[r] Removing empty rows of a data file in R

I have a dataset with empty rows. I would like to remove them:

myData<-myData[-which(apply(myData,1,function(x)all(is.na(x)))),]

It works OK. But now I would like to add a column in my data and initialize the first value:

myData$newCol[1] <- -999

Error in `$<-.data.frame`(`*tmp*`, "newCol", value = -999) : 
  replacement has 1 rows, data has 0

Unfortunately it doesn't work and I don't really understand why and I can't solve this. It worked when I removed one line at a time using:

TgData = TgData[2:nrow(TgData),]

Or anything similar.

It also works when I used only the first 13.000 rows.

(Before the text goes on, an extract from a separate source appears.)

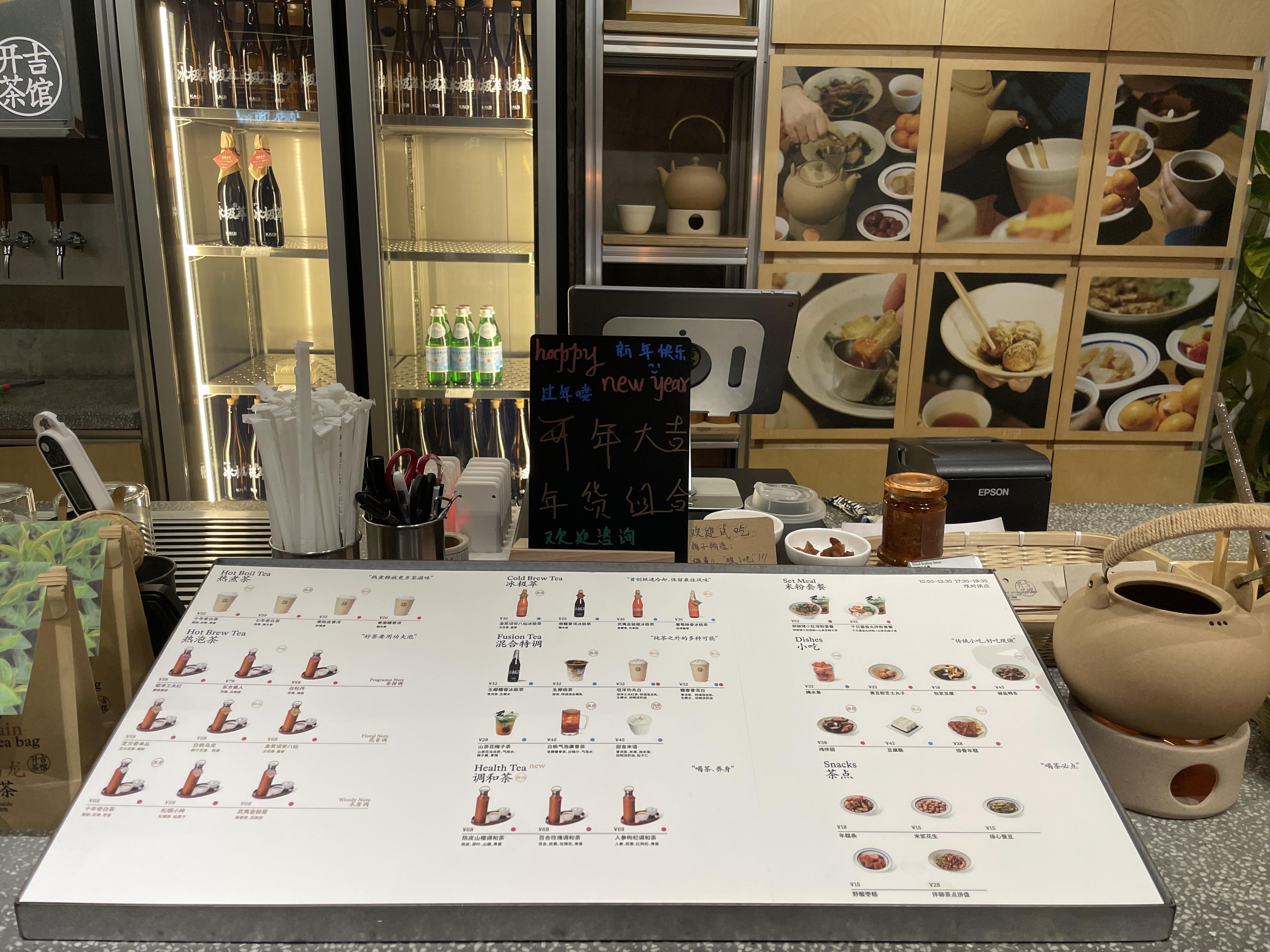 打开“开吉”的菜单,主要分为茶和小吃两个部分,一份茶加一份小吃,价格上相当于在咖啡馆点了一杯美式和一块蛋糕。茶以热煮茶、热泡茶以及冰极萃、调和茶为主,客户可以选择店员制作的“一杯”,直接享受喝茶的乐趣,可以选择“一席”,自由发挥,泡出自己最喜欢的独有口味。小吃部分,除了改良后的黄豆粉芝士丸子、包浆豆腐等十余种小吃,还有当前大火的“排骨年糕”。

But it doesn't work with my actual data, with 32.000 rows.

What did I do wrong? It seems to make no sense to me.

This question is related to r

The answer is


Here are some dplyr options:

# sample data
df <- data.frame(a = c('1', NA, '3', NA), b = c('a', 'b', 'c', NA), c = c('e', 'f', 'g', NA))

library(dplyr)

# remove rows where all values are NA:
df %>% filter_all(any_vars(!is.na(.)))
df %>% filter_all(any_vars(complete.cases(.)))  


# remove rows where only some values are NA:
df %>% filter_all(all_vars(!is.na(.)))
df %>% filter_all(all_vars(complete.cases(.)))  

# or more succinctly:
df %>% filter(complete.cases(.))  
df %>% na.omit

# dplyr and tidyr:
library(tidyr)
df %>% drop_na

Alternative solution for rows of NAs using janitor package

myData %>% remove_empty("rows")

If you have empty rows, not NAs, you can do:

data[!apply(data == "", 1, all),]

To remove both (NAs and empty):

data <- data[!apply(is.na(data) | data == "", 1, all),]

This is similar to some of the above answers, but with this, you can specify if you want to remove rows with a percentage of missing values greater-than or equal-to a given percent (with the argument pct)

drop_rows_all_na <- function(x, pct=1) x[!rowSums(is.na(x)) >= ncol(x)*pct,]

Where x is a dataframe and pct is the threshold of NA-filled data you want to get rid of.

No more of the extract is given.